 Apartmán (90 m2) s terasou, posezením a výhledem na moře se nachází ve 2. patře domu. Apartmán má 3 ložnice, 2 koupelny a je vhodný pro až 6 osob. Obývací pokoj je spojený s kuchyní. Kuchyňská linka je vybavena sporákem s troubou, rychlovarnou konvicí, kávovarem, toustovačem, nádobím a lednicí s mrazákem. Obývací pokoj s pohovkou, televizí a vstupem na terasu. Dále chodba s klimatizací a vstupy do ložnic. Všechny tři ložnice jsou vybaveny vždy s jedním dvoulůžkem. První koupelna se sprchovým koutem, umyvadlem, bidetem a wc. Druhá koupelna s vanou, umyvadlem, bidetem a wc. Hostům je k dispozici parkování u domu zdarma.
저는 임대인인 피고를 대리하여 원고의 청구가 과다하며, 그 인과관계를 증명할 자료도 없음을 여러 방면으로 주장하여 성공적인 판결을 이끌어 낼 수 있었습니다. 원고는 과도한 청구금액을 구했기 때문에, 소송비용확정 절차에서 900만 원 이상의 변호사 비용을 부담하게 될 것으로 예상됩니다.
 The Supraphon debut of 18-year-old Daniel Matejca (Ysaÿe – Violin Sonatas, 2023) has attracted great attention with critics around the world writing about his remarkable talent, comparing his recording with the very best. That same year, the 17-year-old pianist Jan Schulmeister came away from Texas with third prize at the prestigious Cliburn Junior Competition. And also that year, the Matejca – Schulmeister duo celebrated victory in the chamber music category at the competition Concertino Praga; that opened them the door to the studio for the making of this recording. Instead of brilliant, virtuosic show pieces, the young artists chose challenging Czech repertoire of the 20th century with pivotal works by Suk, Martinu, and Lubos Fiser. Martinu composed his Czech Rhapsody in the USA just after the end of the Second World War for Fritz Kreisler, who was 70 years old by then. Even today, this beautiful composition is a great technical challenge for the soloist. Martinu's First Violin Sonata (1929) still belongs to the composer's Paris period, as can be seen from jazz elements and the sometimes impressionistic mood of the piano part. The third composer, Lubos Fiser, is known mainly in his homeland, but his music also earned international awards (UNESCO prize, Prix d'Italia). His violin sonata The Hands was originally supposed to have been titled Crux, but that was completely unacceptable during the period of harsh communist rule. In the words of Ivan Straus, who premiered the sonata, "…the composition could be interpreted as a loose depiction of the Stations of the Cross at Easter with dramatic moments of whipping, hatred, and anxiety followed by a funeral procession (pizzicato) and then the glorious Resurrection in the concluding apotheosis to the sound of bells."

--

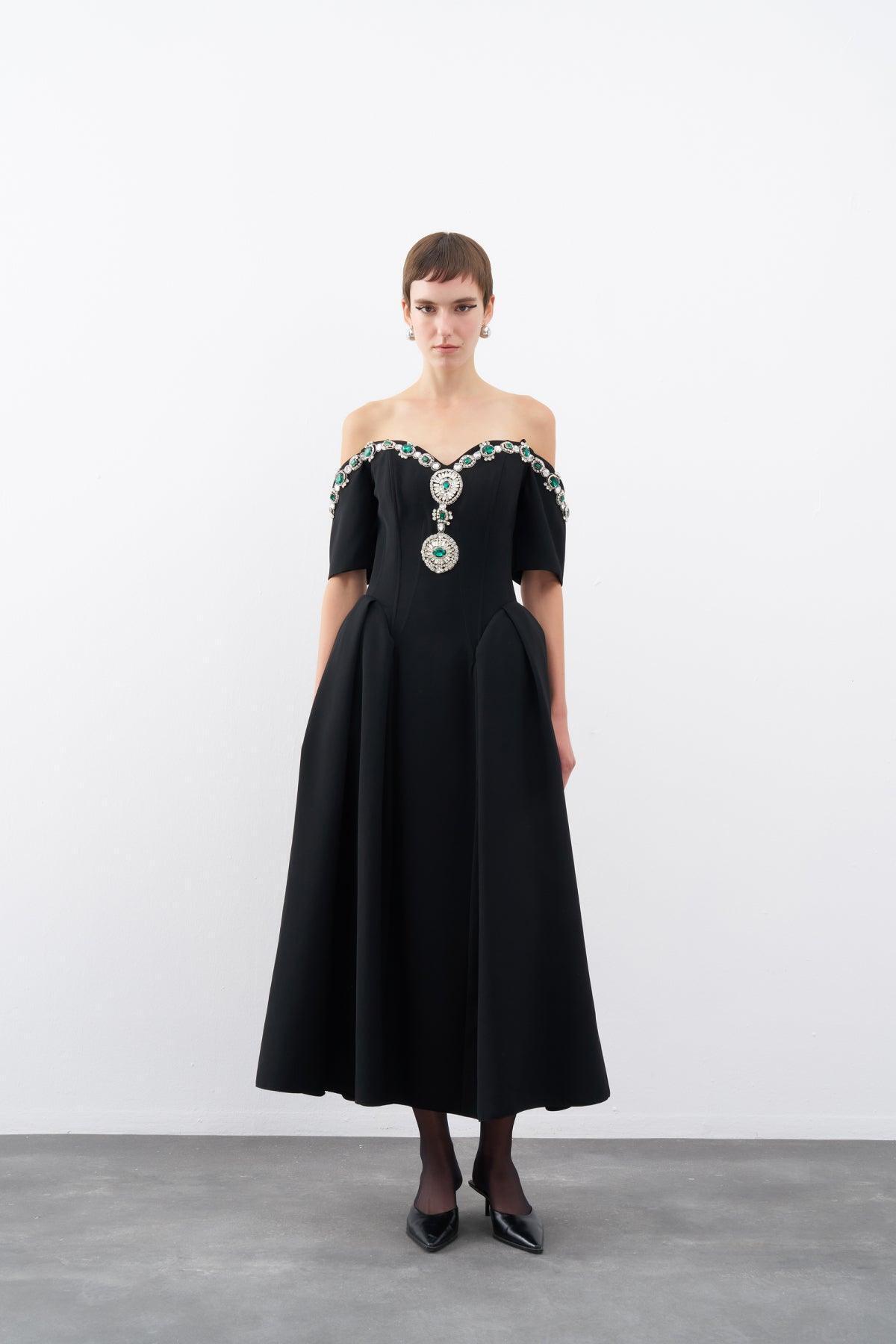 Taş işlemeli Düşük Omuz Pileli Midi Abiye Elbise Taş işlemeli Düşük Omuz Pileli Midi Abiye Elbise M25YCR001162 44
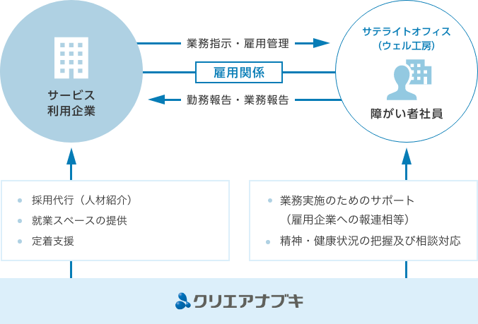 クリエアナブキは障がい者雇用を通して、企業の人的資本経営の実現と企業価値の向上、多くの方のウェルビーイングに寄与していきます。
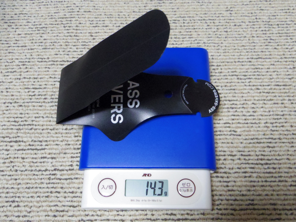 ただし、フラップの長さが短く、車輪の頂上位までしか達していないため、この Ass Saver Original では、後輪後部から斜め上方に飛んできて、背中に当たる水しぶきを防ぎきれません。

...

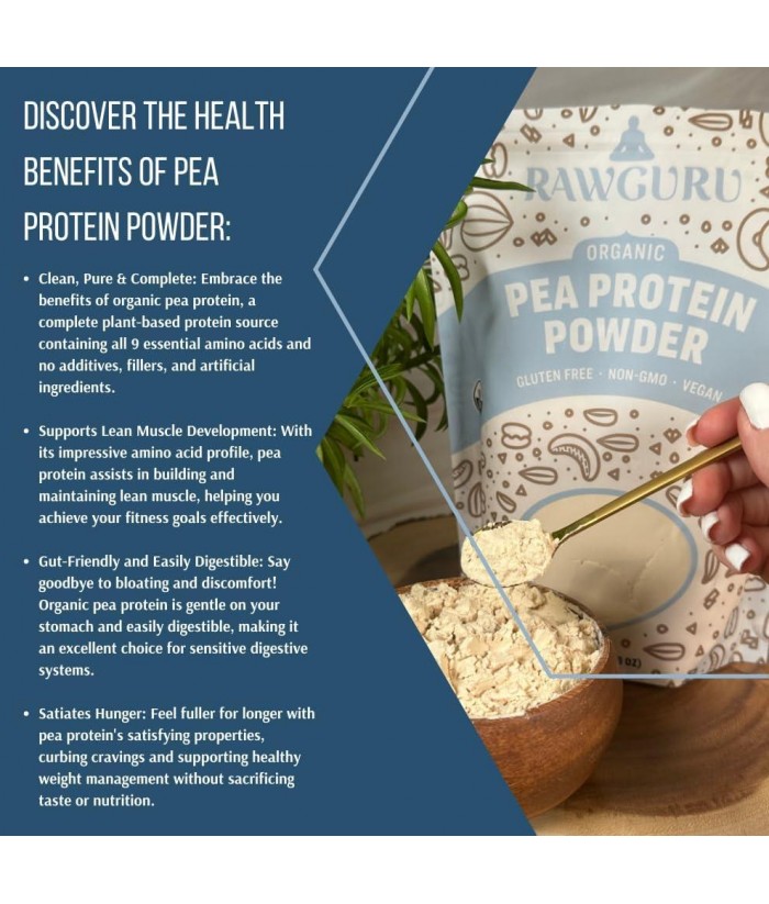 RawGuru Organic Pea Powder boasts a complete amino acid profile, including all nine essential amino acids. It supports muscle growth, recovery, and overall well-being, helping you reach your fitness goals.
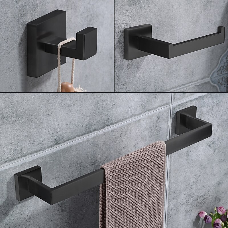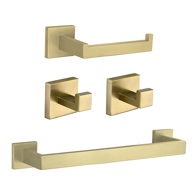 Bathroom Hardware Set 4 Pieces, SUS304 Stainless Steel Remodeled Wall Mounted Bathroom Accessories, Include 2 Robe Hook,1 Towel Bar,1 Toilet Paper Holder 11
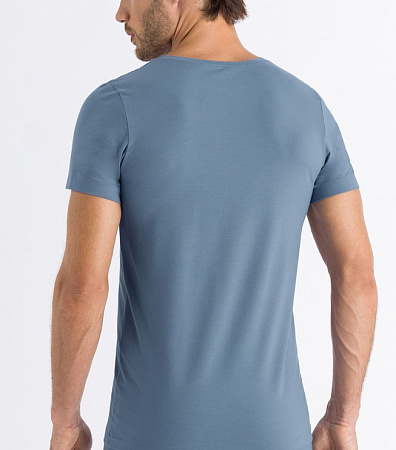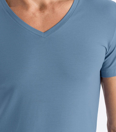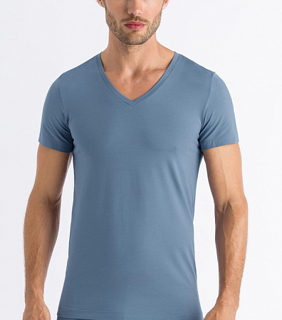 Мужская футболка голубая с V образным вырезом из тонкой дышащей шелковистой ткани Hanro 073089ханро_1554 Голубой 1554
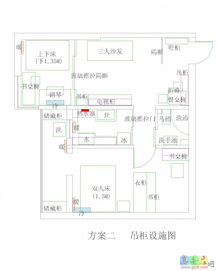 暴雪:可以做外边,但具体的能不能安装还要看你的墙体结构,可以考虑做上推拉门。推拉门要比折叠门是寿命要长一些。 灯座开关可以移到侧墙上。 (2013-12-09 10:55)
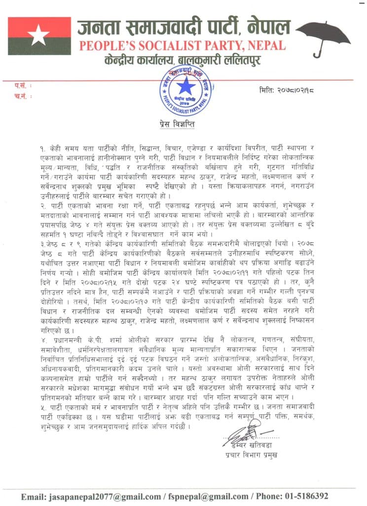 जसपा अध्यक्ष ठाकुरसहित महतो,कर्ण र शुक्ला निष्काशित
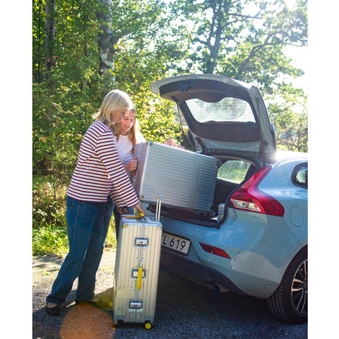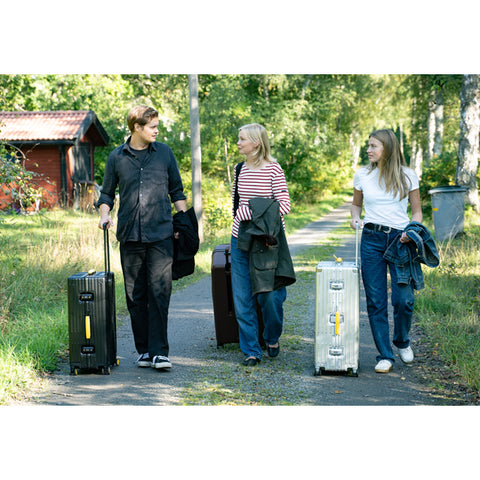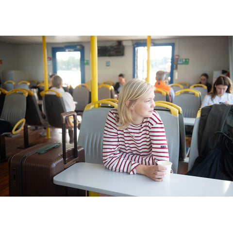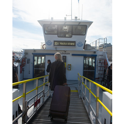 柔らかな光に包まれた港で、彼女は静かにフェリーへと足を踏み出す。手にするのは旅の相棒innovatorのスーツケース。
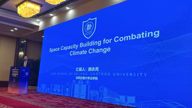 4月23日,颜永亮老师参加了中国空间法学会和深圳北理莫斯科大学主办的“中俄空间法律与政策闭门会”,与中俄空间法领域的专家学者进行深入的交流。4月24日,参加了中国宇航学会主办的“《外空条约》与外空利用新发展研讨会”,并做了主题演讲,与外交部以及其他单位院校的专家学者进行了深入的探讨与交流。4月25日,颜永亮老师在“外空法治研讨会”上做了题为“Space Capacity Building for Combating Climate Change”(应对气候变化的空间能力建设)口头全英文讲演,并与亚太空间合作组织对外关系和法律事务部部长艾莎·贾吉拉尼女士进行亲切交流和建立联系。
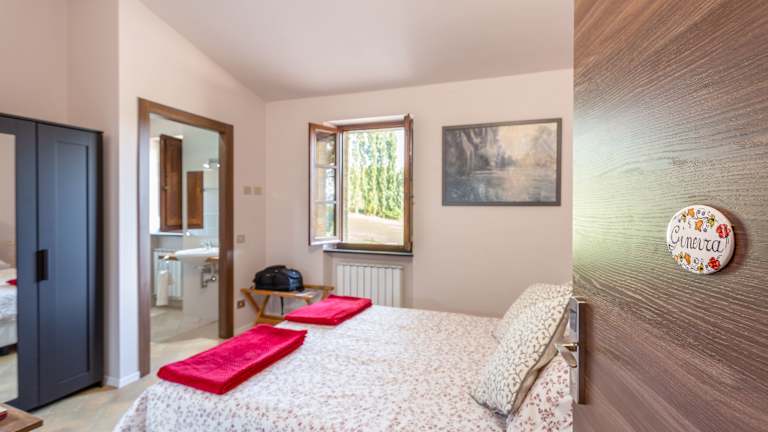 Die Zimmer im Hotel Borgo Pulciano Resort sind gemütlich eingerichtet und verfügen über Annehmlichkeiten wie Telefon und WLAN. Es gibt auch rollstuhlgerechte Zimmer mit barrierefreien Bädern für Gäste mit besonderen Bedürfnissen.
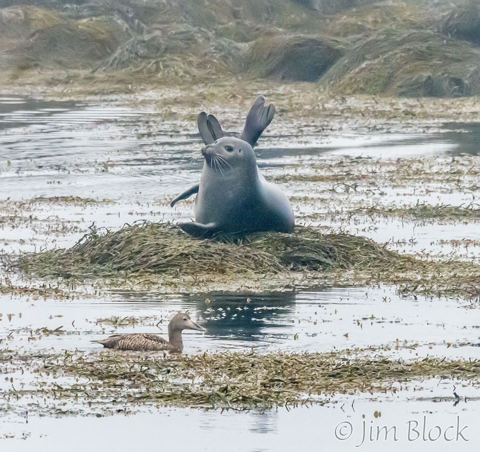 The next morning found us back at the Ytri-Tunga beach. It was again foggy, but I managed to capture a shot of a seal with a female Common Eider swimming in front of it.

◆ **Task objective**: Only one stretch of the entries above is wanted: the lines from the one containing "Apartmán (90 m2)" through the one containing "저는 임대인인 피고를". Please reproduce it exactly.

◆ **Solution**:
 Apartmán (90 m2) s terasou, posezením a výhledem na moře se nachází ve 2. patře domu. Apartmán má 3 ložnice, 2 koupelny a je vhodný pro až 6 osob. Obývací pokoj je spojený s kuchyní. Kuchyňská linka je vybavena sporákem s troubou, rychlovarnou konvicí, kávovarem, toustovačem, nádobím a lednicí s mrazákem. Obývací pokoj s pohovkou, televizí a vstupem na terasu. Dále chodba s klimatizací a vstupy do ložnic. Všechny tři ložnice jsou vybaveny vždy s jedním dvoulůžkem. První koupelna se sprchovým koutem, umyvadlem, bidetem a wc. Druhá koupelna s vanou, umyvadlem, bidetem a wc. Hostům je k dispozici parkování u domu zdarma.
저는 임대인인 피고를 대리하여 원고의 청구가 과다하며, 그 인과관계를 증명할 자료도 없음을 여러 방면으로 주장하여 성공적인 판결을 이끌어 낼 수 있었습니다. 원고는 과도한 청구금액을 구했기 때문에, 소송비용확정 절차에서 900만 원 이상의 변호사 비용을 부담하게 될 것으로 예상됩니다.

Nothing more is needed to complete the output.